Friday, January 16, 2009

Frost on the Mirror

Recently, two brief newspaper mentions of deaths caught my eye—not on the obituary page, where deceased individuals are named and their lives honored. These mentions appeared on a back page of the news section and are of particular interest to me because they offer glimpses into 19th century American history. The first article describes a hiker’s discovery of human bone fragments and a metal button lying in a Sharpsburg cornfield, which had once served as a Civil War battlefield in 1862. Examining the remains, experts concluded the bones belonged to a young soldier from New York State, who was perhaps between 19 and 20 years old when he fell in combat. The second article describes the discovery of more anonymous dead, 957 individuals buried in unmarked graves between the years 1889 and 1957 in what had been a Nebraska psychiatric hospital cemetery. Both articles resonate with me as I continue researching Civil War and post-Civil War history for my novel-in-progress and as I reflect on research done for my novel Women of Magdalene, set in a 19th century ladies’ lunatic asylum.

In Nebraska, a historical society is fighting for the release of the identity of the long-dead patients, many of whom were committed against their will for a variety of health conditions and reasons, including poverty, and whose very existence was erased with burial.
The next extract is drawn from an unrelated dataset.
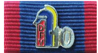
Das neue DFV-Dienstzeitabzeichen ist in Schleswig-Holstein nicht zulässig.

Der DFV hat ein Dienstzeitabzeichen mit dem „DFV-Helm“ und Jahreszahl als Bandschnalle herausgebracht, das für die Feuerwehr-Dienstzeit getragen werden kann, soweit in den Bundesländern keine eigenen Dienstzeitabzeichen vorhanden sind. Für dieses Abzeichen gibt es vom DFV keine Regularien. Es wird den Landesfeuerwehrverbänden überlassen, wie sie mit der Trageerlaubnis dieser Abzeichen umgehen.

A chilling thought—and similar to one that ran through my imagination years ago when I created my fictional asylum for “inconvenient women”, who never went home again. Like other writers of historical fiction, I hold a mirror up to the past and, in doing so, frame that past, limit it, and bring a particular aspect of it into focus. I look back at the sweep of history or catch a glimpse of it in a newspaper article—reminders of the haunting stories of those who actually lived and died in the real, not the fictional, world. Then I turn again to my story-mirror and, for a moment, find a whisper of frost on the glass.